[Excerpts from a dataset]
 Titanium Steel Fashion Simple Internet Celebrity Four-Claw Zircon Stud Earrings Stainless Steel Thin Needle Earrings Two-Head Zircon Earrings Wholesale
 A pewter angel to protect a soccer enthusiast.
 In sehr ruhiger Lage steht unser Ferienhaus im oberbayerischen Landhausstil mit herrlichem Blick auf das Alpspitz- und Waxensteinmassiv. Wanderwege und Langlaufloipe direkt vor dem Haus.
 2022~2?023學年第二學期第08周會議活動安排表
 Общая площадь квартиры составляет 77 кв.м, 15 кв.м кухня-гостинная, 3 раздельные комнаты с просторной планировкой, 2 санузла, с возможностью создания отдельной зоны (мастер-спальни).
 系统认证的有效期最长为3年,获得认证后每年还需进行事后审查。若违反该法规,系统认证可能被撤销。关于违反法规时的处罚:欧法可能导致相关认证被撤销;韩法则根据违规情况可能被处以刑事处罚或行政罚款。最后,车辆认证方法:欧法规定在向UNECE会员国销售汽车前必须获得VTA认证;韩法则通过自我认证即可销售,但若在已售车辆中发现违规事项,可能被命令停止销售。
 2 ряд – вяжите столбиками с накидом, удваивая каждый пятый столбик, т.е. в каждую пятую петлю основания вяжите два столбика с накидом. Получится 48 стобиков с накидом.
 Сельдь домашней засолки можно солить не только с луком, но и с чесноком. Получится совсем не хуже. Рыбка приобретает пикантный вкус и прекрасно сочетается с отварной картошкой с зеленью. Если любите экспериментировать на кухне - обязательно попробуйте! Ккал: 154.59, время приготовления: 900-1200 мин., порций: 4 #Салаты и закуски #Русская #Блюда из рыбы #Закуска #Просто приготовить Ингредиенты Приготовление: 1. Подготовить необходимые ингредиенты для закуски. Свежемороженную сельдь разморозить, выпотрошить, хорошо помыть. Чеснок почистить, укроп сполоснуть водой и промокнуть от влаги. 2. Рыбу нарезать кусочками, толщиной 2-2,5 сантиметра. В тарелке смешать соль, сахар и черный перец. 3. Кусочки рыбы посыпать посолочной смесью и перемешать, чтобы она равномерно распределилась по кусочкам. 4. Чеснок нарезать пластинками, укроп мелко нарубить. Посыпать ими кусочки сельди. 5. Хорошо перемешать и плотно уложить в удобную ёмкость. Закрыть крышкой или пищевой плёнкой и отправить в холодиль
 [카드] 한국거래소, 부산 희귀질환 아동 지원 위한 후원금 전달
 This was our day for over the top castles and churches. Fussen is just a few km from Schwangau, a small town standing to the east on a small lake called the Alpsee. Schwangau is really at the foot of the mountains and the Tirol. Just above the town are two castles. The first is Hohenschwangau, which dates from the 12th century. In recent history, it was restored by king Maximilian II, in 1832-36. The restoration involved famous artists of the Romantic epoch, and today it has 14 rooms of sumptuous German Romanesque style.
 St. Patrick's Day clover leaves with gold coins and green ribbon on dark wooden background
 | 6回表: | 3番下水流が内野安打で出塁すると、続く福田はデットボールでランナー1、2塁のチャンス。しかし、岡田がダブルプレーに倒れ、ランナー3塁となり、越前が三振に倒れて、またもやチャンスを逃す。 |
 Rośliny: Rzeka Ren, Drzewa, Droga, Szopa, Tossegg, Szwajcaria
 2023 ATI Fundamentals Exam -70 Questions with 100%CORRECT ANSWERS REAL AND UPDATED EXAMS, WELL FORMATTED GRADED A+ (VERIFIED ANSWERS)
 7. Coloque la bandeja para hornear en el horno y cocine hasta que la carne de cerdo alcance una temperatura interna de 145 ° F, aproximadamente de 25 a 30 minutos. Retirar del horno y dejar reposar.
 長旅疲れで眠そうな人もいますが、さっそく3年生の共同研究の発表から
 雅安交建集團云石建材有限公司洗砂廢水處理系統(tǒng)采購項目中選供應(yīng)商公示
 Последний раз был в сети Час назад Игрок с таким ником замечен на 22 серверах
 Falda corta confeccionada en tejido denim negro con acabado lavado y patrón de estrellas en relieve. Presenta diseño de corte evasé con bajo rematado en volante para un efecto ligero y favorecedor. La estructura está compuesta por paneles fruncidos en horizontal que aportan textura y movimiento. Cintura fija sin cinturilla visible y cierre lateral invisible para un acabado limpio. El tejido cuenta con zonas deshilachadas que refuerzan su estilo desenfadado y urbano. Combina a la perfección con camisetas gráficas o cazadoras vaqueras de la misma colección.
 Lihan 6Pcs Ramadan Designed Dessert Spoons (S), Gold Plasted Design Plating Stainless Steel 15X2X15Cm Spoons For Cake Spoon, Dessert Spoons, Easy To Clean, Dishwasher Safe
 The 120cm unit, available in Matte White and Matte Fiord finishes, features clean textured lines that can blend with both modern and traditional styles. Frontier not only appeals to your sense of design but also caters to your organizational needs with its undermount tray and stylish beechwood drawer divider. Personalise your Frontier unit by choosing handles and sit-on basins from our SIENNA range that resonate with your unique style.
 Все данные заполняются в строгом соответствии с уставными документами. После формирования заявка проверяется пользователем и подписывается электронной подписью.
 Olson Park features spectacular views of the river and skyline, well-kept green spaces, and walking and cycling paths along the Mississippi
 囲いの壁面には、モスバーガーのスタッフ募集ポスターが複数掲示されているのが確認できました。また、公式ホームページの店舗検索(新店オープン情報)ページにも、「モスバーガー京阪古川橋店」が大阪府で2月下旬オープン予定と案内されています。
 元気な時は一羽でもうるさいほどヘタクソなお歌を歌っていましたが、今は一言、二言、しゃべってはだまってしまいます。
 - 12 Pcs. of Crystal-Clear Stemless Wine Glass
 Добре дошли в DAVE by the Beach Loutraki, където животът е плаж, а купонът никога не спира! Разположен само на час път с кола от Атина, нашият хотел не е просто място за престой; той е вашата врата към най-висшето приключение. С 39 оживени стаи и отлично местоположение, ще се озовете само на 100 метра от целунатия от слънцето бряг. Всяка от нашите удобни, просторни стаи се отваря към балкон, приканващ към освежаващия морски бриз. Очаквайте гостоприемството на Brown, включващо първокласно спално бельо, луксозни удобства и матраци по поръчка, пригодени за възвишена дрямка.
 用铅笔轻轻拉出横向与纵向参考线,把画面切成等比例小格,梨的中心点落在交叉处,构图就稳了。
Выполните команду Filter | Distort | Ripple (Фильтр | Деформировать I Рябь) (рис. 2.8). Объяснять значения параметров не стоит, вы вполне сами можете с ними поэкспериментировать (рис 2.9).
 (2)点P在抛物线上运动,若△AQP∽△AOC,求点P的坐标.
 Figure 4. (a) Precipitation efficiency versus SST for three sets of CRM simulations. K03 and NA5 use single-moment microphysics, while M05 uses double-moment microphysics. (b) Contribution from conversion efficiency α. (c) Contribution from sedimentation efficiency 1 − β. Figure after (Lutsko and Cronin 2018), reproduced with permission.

Exercise => What is needed is a verbatim copy of every line in the records above from the one containing "In sehr ruhiger" down to the one containing "2 ряд – вяжите", both included, and nothing more.

Written answer =>
 In sehr ruhiger Lage steht unser Ferienhaus im oberbayerischen Landhausstil mit herrlichem Blick auf das Alpspitz- und Waxensteinmassiv. Wanderwege und Langlaufloipe direkt vor dem Haus.
 2022~2?023學年第二學期第08周會議活動安排表
 Общая площадь квартиры составляет 77 кв.м, 15 кв.м кухня-гостинная, 3 раздельные комнаты с просторной планировкой, 2 санузла, с возможностью создания отдельной зоны (мастер-спальни).
 系统认证的有效期最长为3年,获得认证后每年还需进行事后审查。若违反该法规,系统认证可能被撤销。关于违反法规时的处罚:欧法可能导致相关认证被撤销;韩法则根据违规情况可能被处以刑事处罚或行政罚款。最后,车辆认证方法:欧法规定在向UNECE会员国销售汽车前必须获得VTA认证;韩法则通过自我认证即可销售,但若在已售车辆中发现违规事项,可能被命令停止销售。
 2 ряд – вяжите столбиками с накидом, удваивая каждый пятый столбик, т.е. в каждую пятую петлю основания вяжите два столбика с накидом. Получится 48 стобиков с накидом.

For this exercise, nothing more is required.